A Distributed GUI-based Computer Control System for Atomic Physics Experiments
Aviv Keshet, Wolfgang Ketterle

TL;DR
This paper presents a distributed, GUI-based control system for atomic physics experiments that enables precise, synchronized timing of complex sequences across multiple hardware servers with high time resolution.
Contribution
It introduces The Cicero Word Generator, a novel distributed control system with a client-server architecture and FPGA-based timing for atomic physics experiments.
Findings
Achieves 100ns time resolution for output sequences.
Supports synchronization of multiple output hardware servers.

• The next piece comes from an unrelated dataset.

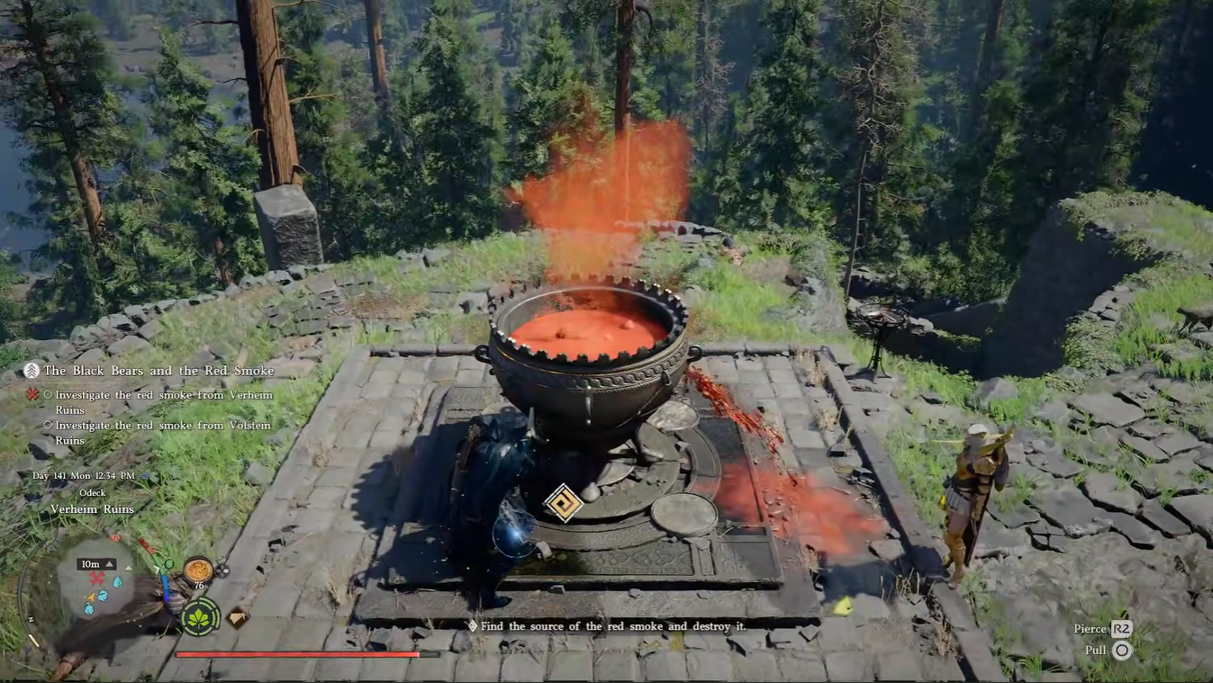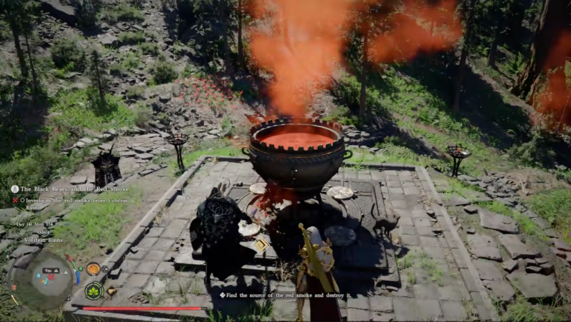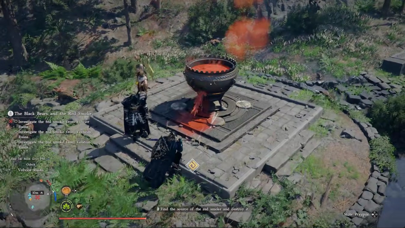 From there, you embark on finding the root cause of the red smoke in the area. Noticing the three ruins in the Odeck, namely Volvior, Verheim, and Volstein, are the places where red liquid is being brewed to steam off smoke and kill the villagers. Therefore, you investigate the vessels at these locations to complete the quest:

Uses FPGA-generated clock for precise timing and reduced buffer sizes.
Abstract
Atomic physics experiments often require a complex sequence of precisely timed computer controlled events. A distributed GUI-based control system designed with such experiments in mind, The Cicero Word Generator, is described. The system makes use of a client-server separation between a user interface for sequence design and a set of output hardware servers. Output hardware servers are designed to use standard National Instruments output cards, but the client-server nature allows this to be extended to other output hardware. Output sequences running on multiple servers and output cards can be synchronized using a shared clock. By using an FPGA-generated variable frequency clock, redundant buffers can be dramatically shortened, and a time resolution of 100ns achieved over effectively arbitrary sequence lengths.